North Korean defector speaks out

Shin Dong Hyuk, who escaped a prison camp and made it to the South, has just published a book.

After spending 22 years in a North Korean political prison camp, Shin Dong Hyuk would like to make one special request of North Korea's leader, Kim Jong Il.

"I would suggest," says Mr. Shin, "he spend one hour in the camp."

More realistically, activists hope to arouse South Koreans' concern for the horrors of the North's prison system as told in Shin's story from his birth 25 years ago to political prisoners in Camp No. 14 until his escape through an electrified fence in January 2005.

"People are not so interested," says Kim Sang Hun, director of the North Korean Human Rights Database Center here. "The indifference of South Korean society to the issue of North Korean rights is so awful."

The center just published Shin's book, "Escape to the Outside World: From Total Control Prison Camp No. 14 in North Korea." The book has sold modestly despite its window on the harsh system enforced by the North as the South pursues rapprochement. Mr. Kim says the initial response has mirrored that for "The Aquariums of Pyongyang: 10 Years in the North Korean Gulag," by Kang Chol Hwan, who fled after his release from Yeodok prison camp. Mr. Kang's story gained wide attention only after its translation into Japanese and then into English.

Camp No. 14, says Kim, is considerably harsher than Yeodok, where political prisoners serve fixed terms. "You are sent to Camp 14 to die," says Kim. "Shin was the first one ever to escape." Kim expects Japanese and English editions of Shin's account to sell far more widely.

Shin began writing his story in the South's consulate in Shanghai, where he found sanctuary after working for a year at a logging camp while hiding out from Chinese police who would return him to certain death in the North.
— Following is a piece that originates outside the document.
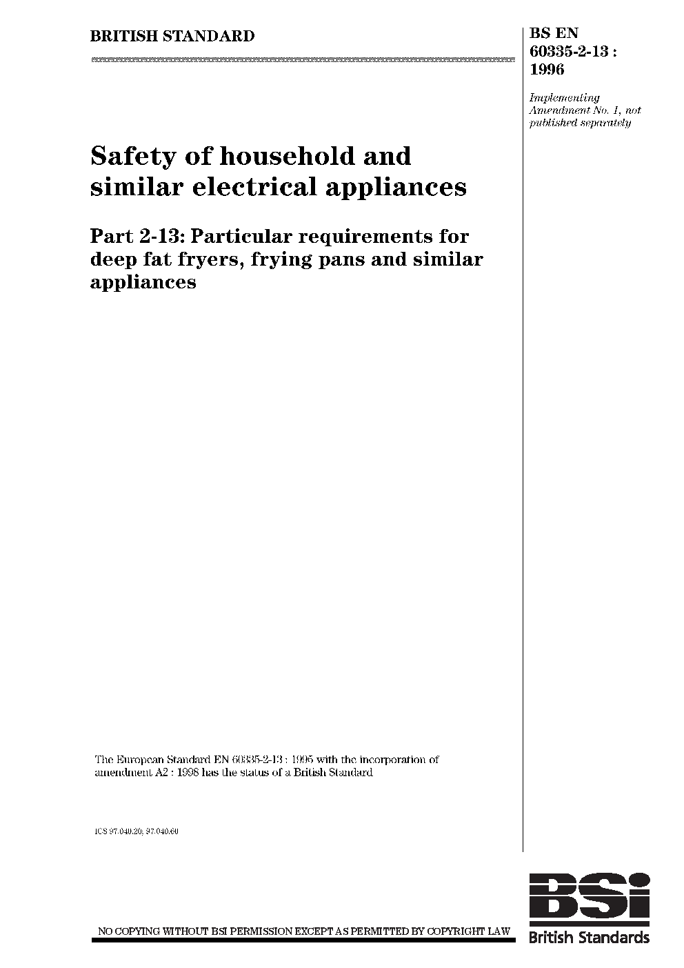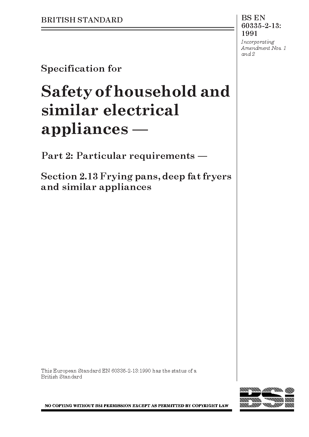 Protected electrical equipment;Domestic safety;Deep fat fryers;Catering equipment;Household equipment;Electrical safety;Frying pans;Rated voltage;Temperature rise;Electrically-operated devices;Performance testing;Safety devices;Electrical household appliances;Cooking appliances;Watertightness tests

Diplomats negotiated to bring him to Korea.

South Korean officials acknowledge that President Roh Moo-hyun did not raise the issue of human rights when he met Kim Jong Il last month in Pyongyang. Foreign Minister Song Min Soon links better human rights to diplomatic ties between Washington and Pyongyang and an improved North-South relationship.
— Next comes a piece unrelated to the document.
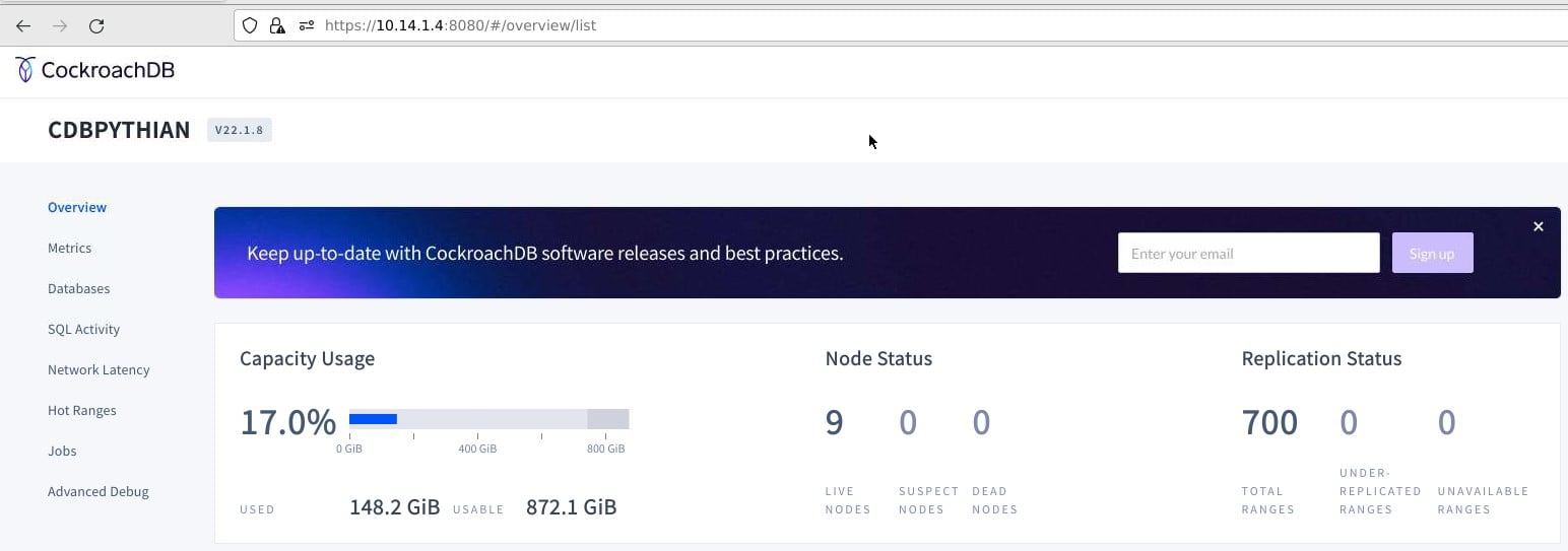 root@cdb-cluster-node1:/cdb# cockroach init --certs-dir=certs --host=10.14.1.4 --cluster-name="CDBPYTHIAN" Cluster successfully initialized

South Korea accepts those who manage to find sanctuary at a foreign diplomatic mission in China or make their way to a nearby country, such as Thailand, Vietnam, or Mongolia. Foreign Minister Song has formally protested China's policy of viewing all refugees as "economic migrants" and repatriating them.

Tim Peters, director and founder of Helping Hands Korea, dedicated to assisting North Korean refugees, says he hope China will let up on refugees in the run-up to the Beijing 2008 Olympics. "The Chinese are concerned about their image," he says. "It's the best and possibly last hope for China to change its policies."

Activists say South Korea has no clear policy of its own on refugees. "It's like a band-aid policy," says Erika Kang, director of the Good Friends Center for Peace, Human Rights and Refugees in Seoul. "We need a mid- and long-term strategy, but the government is not gearing up for that."

South Korean officials counter that they are increasingly sensitive to the needs of refugees after accepting nearly 12,000 of them – at a rate that now averages about 2,000 a year.

"We consider North Korean defectors as our people," says Kim Hyun Du, an official in the Unification Ministry. "We provide assistance in resettling them," ranging from a short course to acquaint them with life in a capitalist environment to grants until they find work to incentives to remain on jobs they often don't like.

South Koreans have heard so many "terrible stories," says Ms. Kang, that many people are inured to persistent reports of the horrors in camps believed to be holding some 200,000 political prisoners and family members imprisoned for "crimes of relatives."

"Everything people heard ... was quite bad," she says. "There's nothing new or so shocking."

Most refugees fled to escape famine, disease, and harsh rule; virtually none before had escaped camps to which political prisoners are consigned until they die, often because of beatings and poor health, sometimes by executions. "We deal with hundreds of defectors," says Kim Sang Hun, "but Shin is unusual in that he was born in a camp we had never heard of before."

Shin says he had no knowledge of the outside world – or of North Korea. He did not know that Pyongyang was the capital.

The only prisoner ever to get out of Camp No. 14 and make it to South Korea, Shin pulls up the legs of his pants, exposing scars from powerful electric currents and shows that a finger was cut off as punishment for dropping a load he carried. He does not reveal scars from severe mistreatment while interrogators ordered him to say what he knew about what they claimed had been an escape attempt by his mother and older brother. The two were later executed.

Shin says his curiosity about life elsewhere was piqued by another prisoner who had traveled abroad. That prisoner, he says, was apparently electrocuted while attempting to escape with him, leaving Shin to wander alone for 20 days, living off stolen food, before finally wading across the shallow Tumen River into China.

Shin says his motive for writing his book was simple. "I want to know, if our parents committed crimes, why the innocent children? I want to inform the world about them. Now, for the children in the camp, I wish to speak for them."